Удивительным образом Революция вернула Эйзену мать – когда сам он уже перестал в ней нуждаться. И убежал от удушающей материнской опеки – в Москву, заниматься театром.
Мать наезжала и туда. Она бы непременно перебралась к нему, будь у него хоть какое-то отдельное жильё, но, на сыновье счастье, такого не имелось: Эйзен жил в коммуналке на Чистых прудах, деля комнату с давним товарищем Макой Штраухом (его семья до революции владела всей квартирой, а Серёжу, как приятного юношу, пригласили на постой, чтобы избежать подселений не столь приятных).
Тогда Юлия Ивановна переехала в Москву мысленно, как некогда уже «переезжала» в расположение Серёжиной части на фронте. Физически находясь в Ленинграде, она целыми днями размышляла о столичной жизни сына. Сам Серёжа писал редко, отговариваясь постоянным цейтнотом в театре, – несмотря на все материнские просьбы, укоризны и демонстрацию обид. Зато исправно писали «шпионы»: во время поездок в столицу Юлия Ивановна очаровывала друзей и (что важнее) подруг сына, чтобы позже завязать переписку – и уже из сторонних сообщений узнавать подробности сыновней жизни.
Самым болтливым шпионом оказалась некая Агния, актриска. С ней у сына завязалось что-то вроде романа, о котором девица прилежнейше докладывала: как Серёжа порвал отношения с прежней пассией; как во время шуточной драки с Агнией разодрал постельное бельё и даже прокусил ей губу и пришлось мазать йодом; как укоряет, что она «не действует» на него как женщина, увы…

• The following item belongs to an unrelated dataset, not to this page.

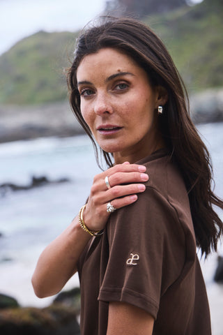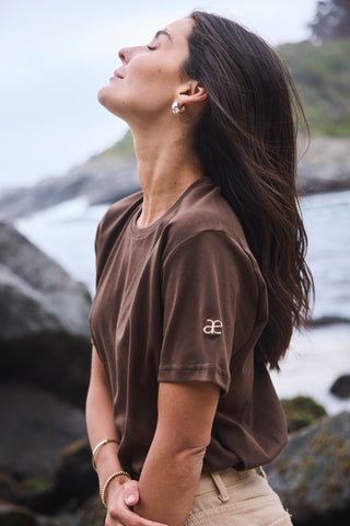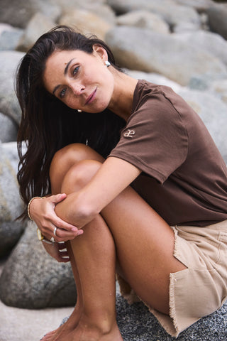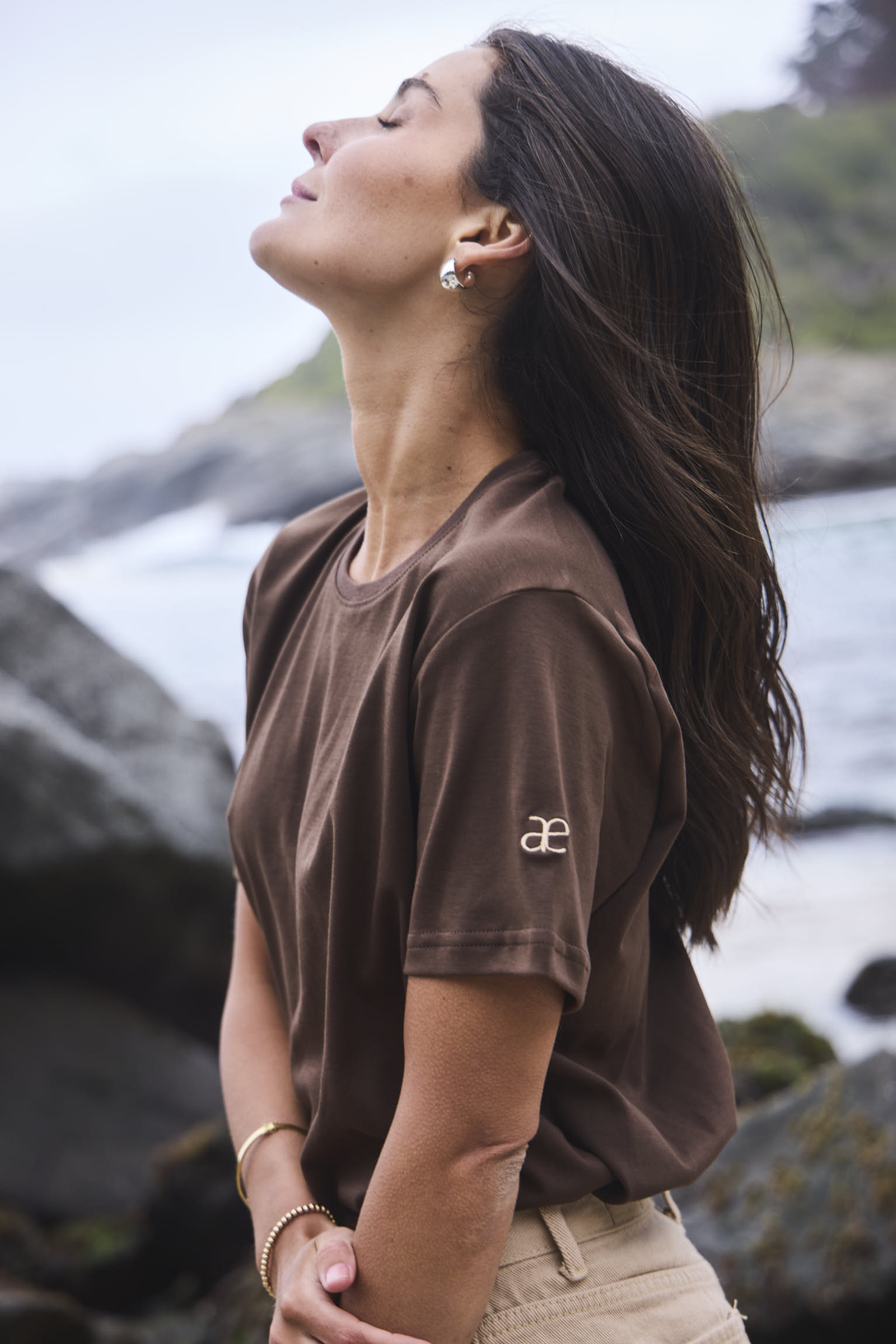 Polera de cuello redondo y manga corta confeccionada en 100% algodón peruano, reconocida por su suavidad y durabilidad.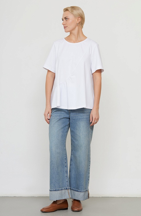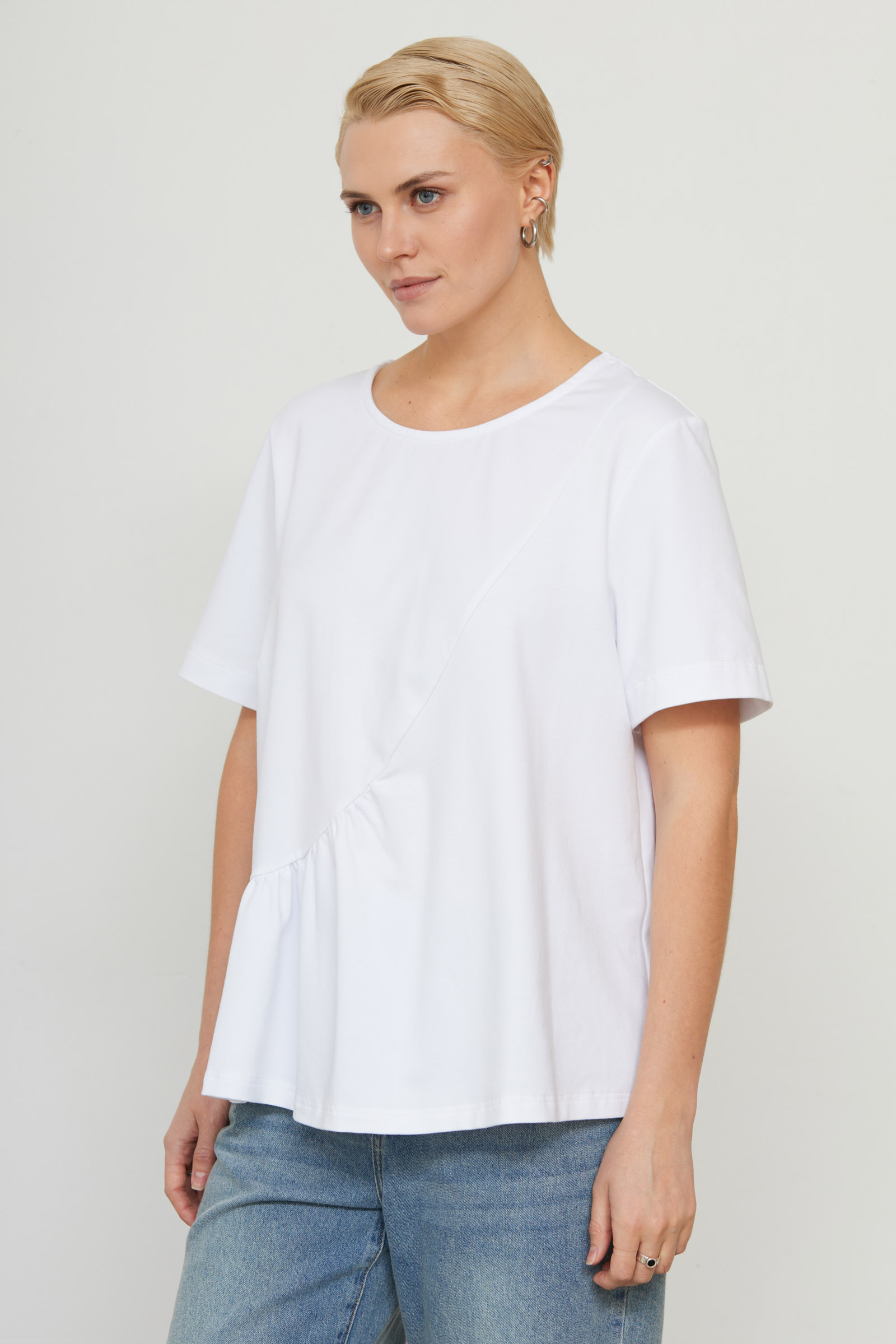 Футболка oversize с асимметричной отрезной линией и сборкой.

Вопрос женского «воздействия» на сына сильно беспокоил Юлию Ивановну. Сам он, увлёкшись кинематографом и с головой уйдя в работу над первым фильмом, почти перестал ей отвечать (можно ли считать за ответ одно куцее послание в два-три месяца?!).
И в августе двадцать пятого, узнав, что Серёжа уехал на Чёрное море для съёмок уже второго фильма, Юлия Ивановна взяла билет и села в поезд Ленинград – Одесса.
Для встречи матери на вокзале Эйзен снарядил Гришу – самому было недосуг, отсматривали с Тисом городскую натуру. И, вернувшись вечером в гостиницу, обнаружил Мама́ уже в своей комнате.
Она сидела на кровати и, разложив на коленях гигантскую блузу Александрова, штопала подол. Гриша, голый по пояс и с блаженной улыбкой, примостился у её ног, словно верный пёс рядом с хозяйкой.
Обильно отцеловав пришедшего сына, Мама́ помогла Грише натянуть починенную рубаху и отцеловала его столь же обильно. Называла при этом сынком и светиком. Гриша, краснея от удовольствия, приложился губами к её руке – неумело, видимо проделывая эдакую галантность впервые в жизни, – и, счастливый, вылетел вон. Преданнейший друг Юлии Ивановны, с этого дня и навеки.
Как и Тиссэ. Его Мама́ взяла в оборот уже на следующий день. Тот поранился: оцарапал щёки о гальку во время утреннего купания, когда волна сбила с ног и протащила по дну. Юлия Ивановна откуда-то (в незнакомом порту, посреди одних только доков и кораблей!) достала уксус и взялась обрабатывать ранки каждые полчаса – без единого слова и нимало не мешая рабочему процессу, с одной только ангельской улыбкой на губах. К вечеру и Тис целовал ей руку – этот вполне искусно.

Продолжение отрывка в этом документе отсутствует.